Raw data:
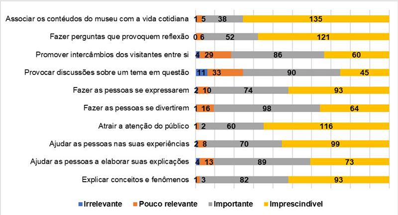 Não há um consenso de como deve ser feita a mediação, mas, ao considerar os museus e centros de ciências como instituições que buscam estabelecer relações entre os avanços científicos e tecnológicos e o cotidiano social, espera-se que os mediadores reconheçam e negociem as múltiplas dimensões da sua prática ( TRAN; KING, 2007; SOUZA, 2011; ARÉYZAGA, 2017; CABRAL; RIVERA, 2019). Os mediadores mexicanos demonstram compreender que suas ações não devem se limitar a explicação de conceitos, visto que, em sua maioria, consideram imprescindível que um bom mediador associe os conteúdos do museu com a vida cotidiana (135; 75,4%), que faça perguntas que provoquem reflexão (121; 67,6%) e atraia a atenção do público (116; 64,8%) ( Figura 6). Essas informações sugerem que a percepção do mediador de que a interação com o público é de várias dimensões, que vai desde um vínculo face a face acolhedor até interações mais complexas, como fazer perguntas dialógicas efetivas sobre o conceito de ciência apresentado ao público e estimular o interesse do visitante em ficar mais tempo com o mediador.
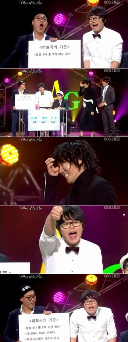 최효종은 이어 "노래를 부르다가 객석으로 넘기면 따라 불러야 한다" , "노래가 유행할때 강남, 홍대에서 흘러나오는것은 아직 히트곡이 아니다. 진정한 히트곡은 재래시장에 흘러나와야 한다. 재래시장 할머니가 노래를 따라부른다고 생각해 보라"며 다소 황당한 기준도 제시했다.
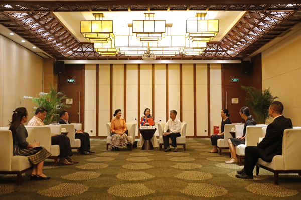 老挝总理府办公厅组织与人文司司长孔山·赛亚山、秘书司副司长维绞·布帕万,必赢国际437官网华文教育处、华文学院相关负责人等参加会见。

Task to complete: Copy the listing in full and without alteration, omitting every picture.

The answer:
 Não há um consenso de como deve ser feita a mediação, mas, ao considerar os museus e centros de ciências como instituições que buscam estabelecer relações entre os avanços científicos e tecnológicos e o cotidiano social, espera-se que os mediadores reconheçam e negociem as múltiplas dimensões da sua prática ( TRAN; KING, 2007; SOUZA, 2011; ARÉYZAGA, 2017; CABRAL; RIVERA, 2019). Os mediadores mexicanos demonstram compreender que suas ações não devem se limitar a explicação de conceitos, visto que, em sua maioria, consideram imprescindível que um bom mediador associe os conteúdos do museu com a vida cotidiana (135; 75,4%), que faça perguntas que provoquem reflexão (121; 67,6%) e atraia a atenção do público (116; 64,8%) ( Figura 6). Essas informações sugerem que a percepção do mediador de que a interação com o público é de várias dimensões, que vai desde um vínculo face a face acolhedor até interações mais complexas, como fazer perguntas dialógicas efetivas sobre o conceito de ciência apresentado ao público e estimular o interesse do visitante em ficar mais tempo com o mediador.
 최효종은 이어 "노래를 부르다가 객석으로 넘기면 따라 불러야 한다" , "노래가 유행할때 강남, 홍대에서 흘러나오는것은 아직 히트곡이 아니다. 진정한 히트곡은 재래시장에 흘러나와야 한다. 재래시장 할머니가 노래를 따라부른다고 생각해 보라"며 다소 황당한 기준도 제시했다.
 老挝总理府办公厅组织与人文司司长孔山·赛亚山、秘书司副司长维绞·布帕万,必赢国际437官网华文教育处、华文学院相关负责人等参加会见。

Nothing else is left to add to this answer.